1 diode 2 semiconductor substrate 3 n ⁻ type semiconductor layer 4 P ⁺ type semiconductor region 5 field limiting ring (FLR) 6 equipotential ring (EQR) 7 insulating film 8 upper electrode 9 lower electrode

Claims (5)

[Claims] 1. A first conductivity type silicon substrate, a first conductivity type silicon semiconductor layer formed on the silicon substrate and having an impurity concentration lower than that of the silicon substrate, and a predetermined region on an upper surface of the silicon semiconductor layer. Formed in
Second for forming a pn junction at the interface with the silicon semiconductor layer
And a silicon semiconductor region of conductivity type, wherein the plane orientations of the upper surface of the silicon substrate and the silicon semiconductor layer are (100) planes. 2. The semiconductor device according to claim 1, wherein the silicon semiconductor layer has a thickness of at least 30 μm. 3. The silicon semiconductor layer is formed by epitaxial growth on the silicon substrate.

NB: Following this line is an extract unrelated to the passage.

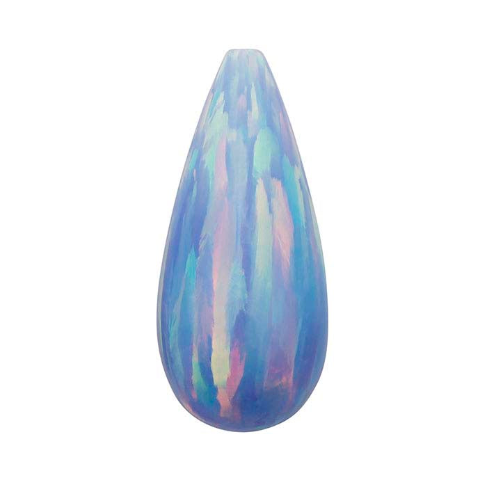 This affordable Kyocera Cornflower Blue simulated opal drop features an elongated teardrop shape with a vibrant “play of color,” giving it a unique light-reflecting quality that enhances any earring or necklace design. Use the bead individually to create an elegant earring drop or combine it with other colors and styles of gemstone or pearl beads to create more complex pendant and necklace designs. Use jeweler’s epoxy to secure the drop onto a peg.

The semiconductor device according to claim 1, wherein the semiconductor device is a semiconductor device. 4. A second annularly formed on the upper surface of the silicon semiconductor layer so as to surround the silicon semiconductor region.
4. The semiconductor device according to claim 1, further comprising a conductive type field limiting ring. 5. The equipotential ring formed in an annular shape on the upper surface of the silicon semiconductor layer so as to surround the silicon semiconductor region via the field limiting ring is further included. 4. The semiconductor device according to item 4.